Top quant firms hire almost exclusively from elite PhD programs in mathematics, physics, statistics, and computer science. Jane Street and Citadel also hire exceptional undergraduates and master's students from top-10 programs. A degree in finance alone is insufficient — the mathematical bar is extremely high.

How does quant finance differ from machine learning engineering at tech companies?

Quant finance focuses on extracting alpha from financial markets — finding and monetizing statistical patterns in price data. The work is heavily research-oriented, with extreme emphasis on statistical rigor and overfitting prevention. ML engineering at tech companies focuses on optimizing user experience metrics. Both fields use similar tools but for very different objectives and with different constraints.

What programming languages are most important for quantitative analysts?

C++ is essential for performance-critical trading system implementation at prop trading firms. Python is universally used for research and data analysis. R remains relevant for statistical modeling in some contexts. SQL and Kdb+/Q are used for tick database querying. Mathematical computing environments like Mathematica or MATLAB are used by some researchers.

How competitive is the quant finance internship recruiting process?

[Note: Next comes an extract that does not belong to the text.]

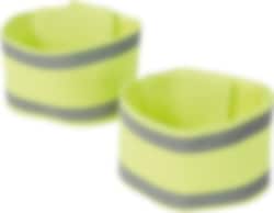 Det här är ett elastiskt reflexband som även kan användas som arm eller benreflex på människa, i neongul varselfärg med två reflexränder.

Extremely competitive. Jane Street and DE Shaw internship acceptance rates are estimated at under 1%. Top quant firms recruit exclusively from the highest-achieving students at elite universities, typically via campus recruitment. Math olympiad backgrounds and competitive programming achievements are strong differentiators.

What is the work-life balance like at top quant firms?

Quant research roles at prop trading firms are demanding — 55–70 hour weeks are common, particularly during active research phases. However, unlike investment banking, the work is intellectually stimulating and the financial rewards are exceptional. Many researchers describe the culture as more academic and collaborative than competitive banking environments.